Patients were recruited from the Stanford University Department of Ophthalmology at the Byers Eye Institute. To be eligible, patients had to be receiving glaucoma care at the Byers Eye Institute, have a diagnosis of glaucoma, be at least 18 years of age, own a personal mobile phone, be able and willing to receive SMS text notifications, and have been prescribed generic latanoprost at a dosage of one drop in each eye daily for at least four months without adverse effects. The reason for generic latanoprost as opposed to other medications was to standardise for how well the device fit the bottle. We excluded patients if they were not reliable enough to operate, maintain, or keep a mobile phone, were unable to administer the eye drop due to physical limitations, had a history of eye surgery for glaucoma, had a history of very poor adherence who did not return for visits, or were concurrently enrolled in another clinical research study.
A member of the research team introduced the study to eligible consecutive patients from the clinic population during their regularly scheduled visit. Upon obtaining written informed consent, all study subjects completed an entrance survey assessing for perceived adherence, time of day they usually took their medication, and barriers to access such as cost. Collected demographic characteristics included sex, age, self-reported race, household income, and education.

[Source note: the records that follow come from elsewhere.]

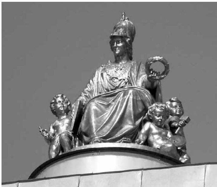
Минерва. Группа на куполе здания Академии художеств Бронза. Воссоздана и установлена в 2003 году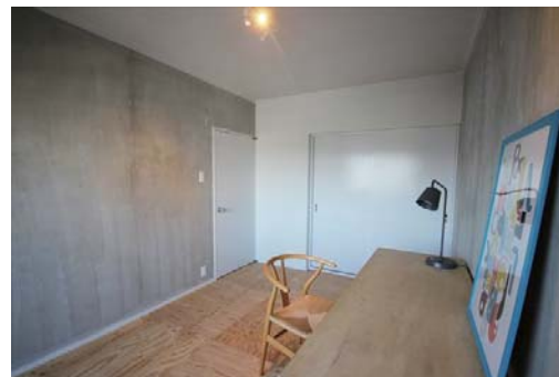
◇クローゼット付き洋室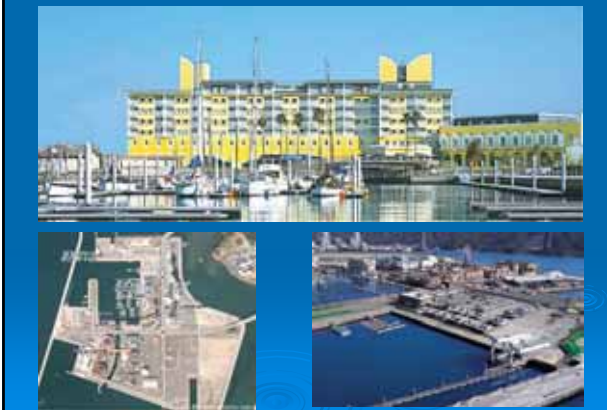
(4) 和歌山マリーナシティ (和歌山県和歌山市)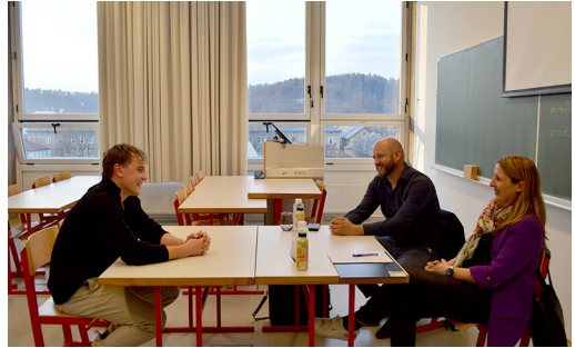
Slika 4: Hitri zmenki z Geodetsko upravo Republike Slovenije.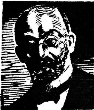
Aŭtoro de Esperanto D-ro L. L. Zamenhof (1859 – 1917)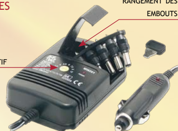
CARACTÉRISTIQUES DES EMBOUTS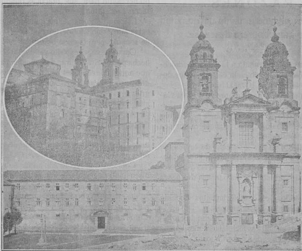
SANTIAGO.—Colegio de Misiones para Tierra Santa y Marruecos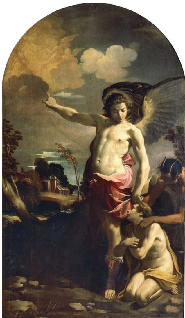
24. Carlo Bononi, L'Angelo custode , Modena, Galleria Estense.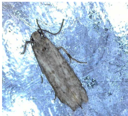
Πυρηνοτρήτης ( Prays oleae )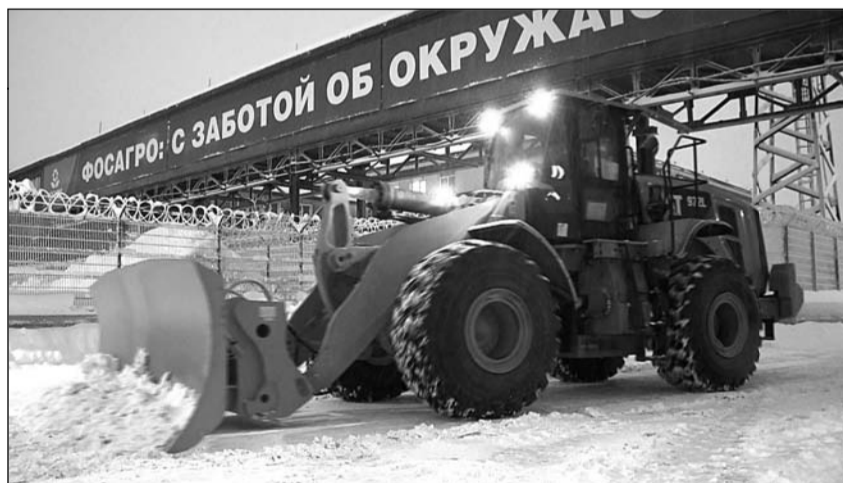
Новый погрузчик обкатывали на территории «ПромТрансПорта»

Импортный погрузчик не единственный новичок, который специалисты «ПромТрансПорта» принимали в канун Нового года. Экс-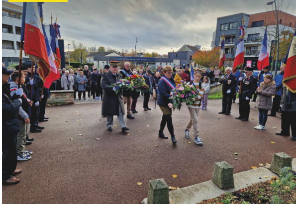
11 novembre. Commémoration 11 novembre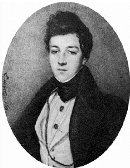
А. С. Долгоруков. Гравюра с портрета работы неизвестного художника. 2-я пол. 19 в.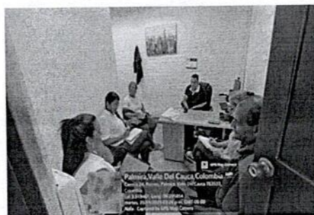
REUNIÓN DE EQUIPO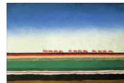
Красная конница. Около 1932 Холст, масло. 91 x 140 см. Русский музей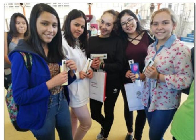
Estudiantes del Colegio Federico Froebel en un encuentro con la UPAL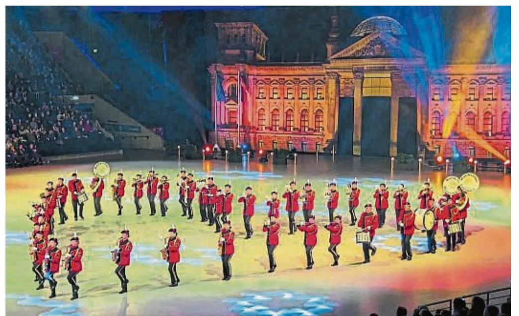
Gelungenes Comeback: Das Musikcorps Ufhausen bei der Musikparade 2023.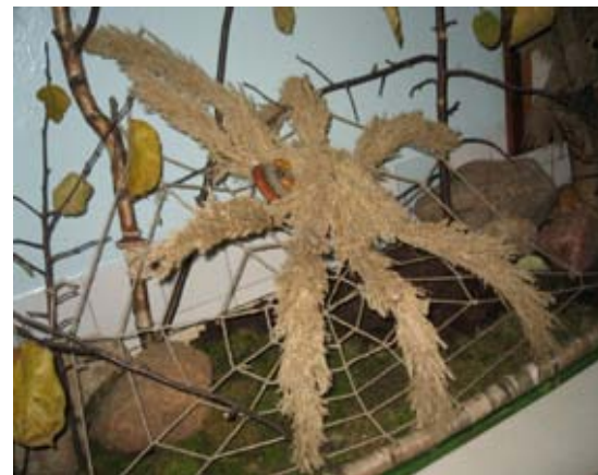
Паук, 8-9 классы

14 ноября в школе прошёл праздник Осени. Долго и старательно готовились ребята и взрослые к празднику. Умение и фантазию проявили все учащиеся при изготовлении поделок.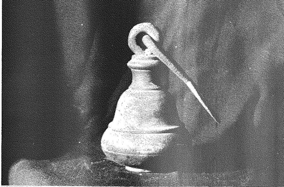
Contrapeso metálico usado en las romanas.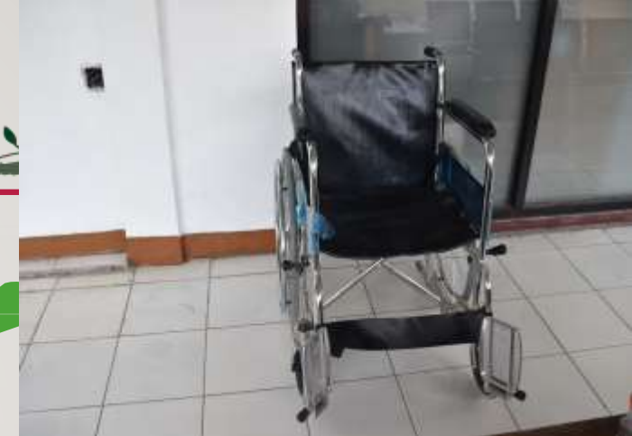
Tersedianya Kursi Roda Khusus Disabilitas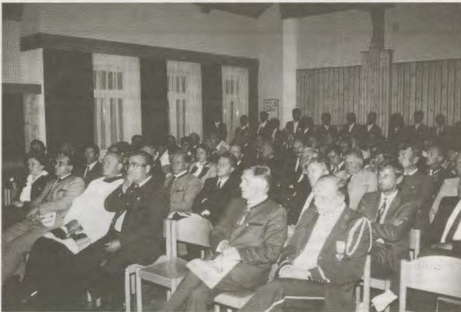
Die Festgäste bei der Eröffnungsfeier im neuen Probesaal des Musikerheimes.

Im Jahr 1988 hatte die Stadtkapelle zweifachen Grund zur Freude: Wir konnten das 120jährige Bestandsjubiläum des Musikvereines und die festliche Segnung und Übergabe des neuerrichteten Musikerheimes im Rahmen eines eigenen Festwochenendes vom 2. bis 4. September 1988 feiern.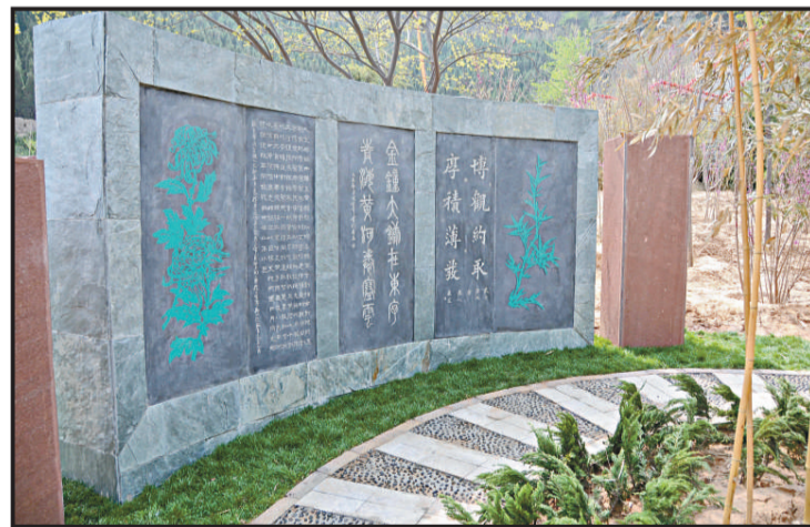
▲黃河碑林歷經20餘年勒石刻碑近1200通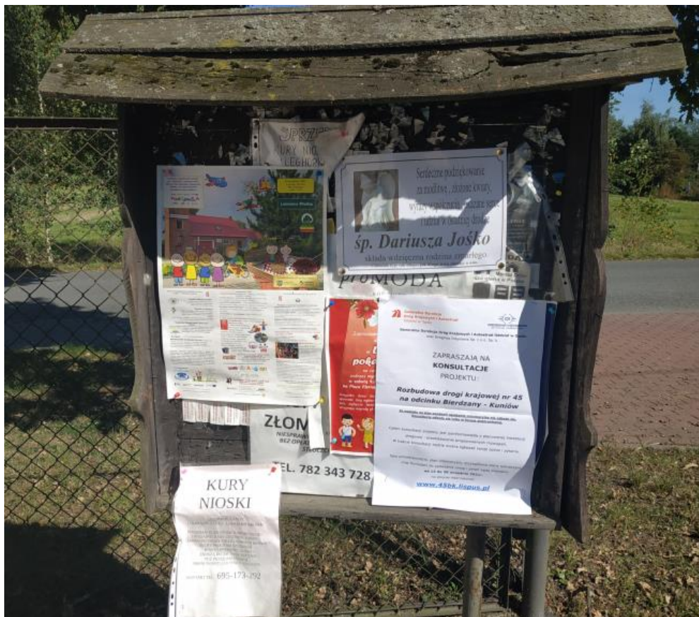
Rysunek 3 Ogłoszenie na tablicy ogłoszeniowej w gminie Lasowice Wielkie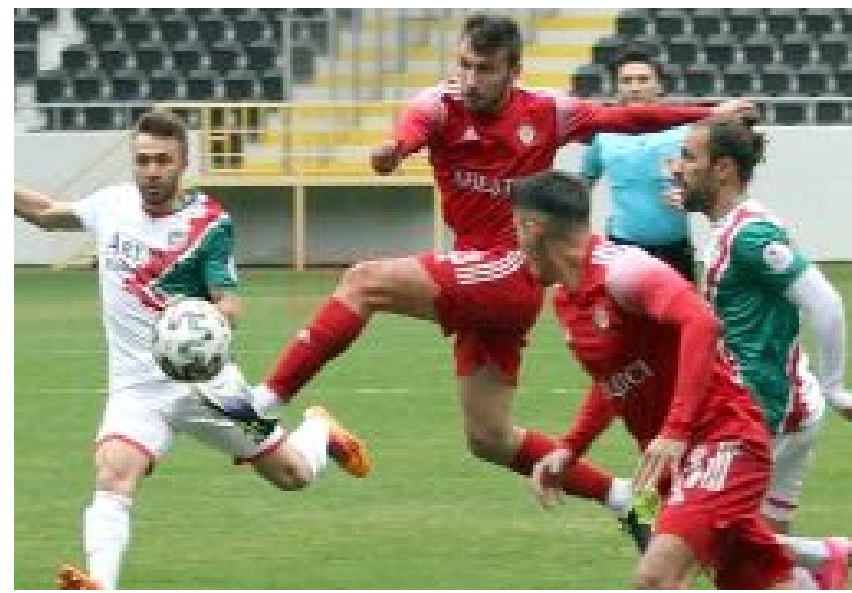
Ahlatçı Çorum FK, 14 Ocak 2021'de, sahasında Amed Sportif Faaliyetler'le 2-2 berabere kalmıştı.

Öte yandan, Tuzlaspor da tarihinde ikinci kez 14 Ocak günü resmi maç oynayacak. İstanbul temsilcisi, 14 Ocak 2016'da, sahasında Süper Lig ekibi Antalyaspor'la Ziraat Türkiye Kupası H Grubu maçında karşılaştığı ve mücadele 1-1 bitmişti. (Hüseyin AŞKIN)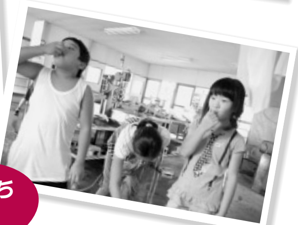
友だちといっしょに お寺に泊まりました！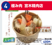
4 極み肉 宮木精肉店 東京X果汁 400円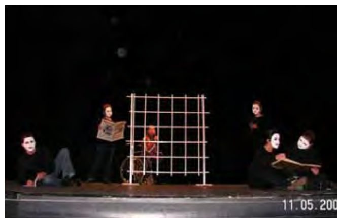
Przedstawienie pt. „Maska”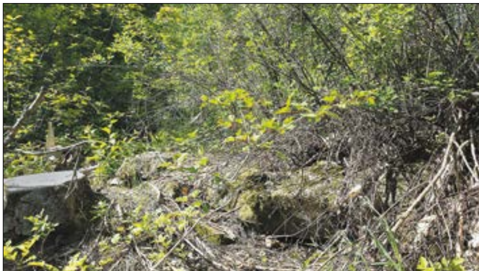
Figur 4. Delar av grundens syll bland den täta slyn som täckte delar av undersökningsområdet.

Den till gästgiveriet tillhörande ladugården finns söder om förhöjningen och dagens infart till gästgiveriet ligger mellan förhöjningen och den befintliga ladugården.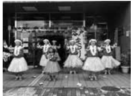
第31回谷戸まつり(平成31年)オープニングの様子

時 ①12月4日 ②1月8日 ③2月5日 ④3月5日 ⑤3月19日 ⑥4月2日 土曜日 10時~ 場 谷戸公民館

The Institutional Review Board at Stanford University approved this study before its initiation. We deidentified all data according to HIPAA guidelines and adhered to all principles outlined in the Declaration of Helsinki. As all participants were already receiving the standard of care treatment, we did not need to define any stopping rules.
Prior to this study, the device had already been studied for technical feasibility, had previously been studied at another institution, and at the time of this study was concurrently being used in other clinical trials commercially outside the US.29 The device is a prototype of an add-on electronic sensor that monitors eye drop bottle usage. It attaches over an existing eye drop bottle, in which the bottom of the sleeve carries the electronic hardware and the side of the sleeve facilitates the subject’s ability to squeeze the eye drop bottle. Further, the sleeve is customised to fit the shape of the particular eye drop bottle.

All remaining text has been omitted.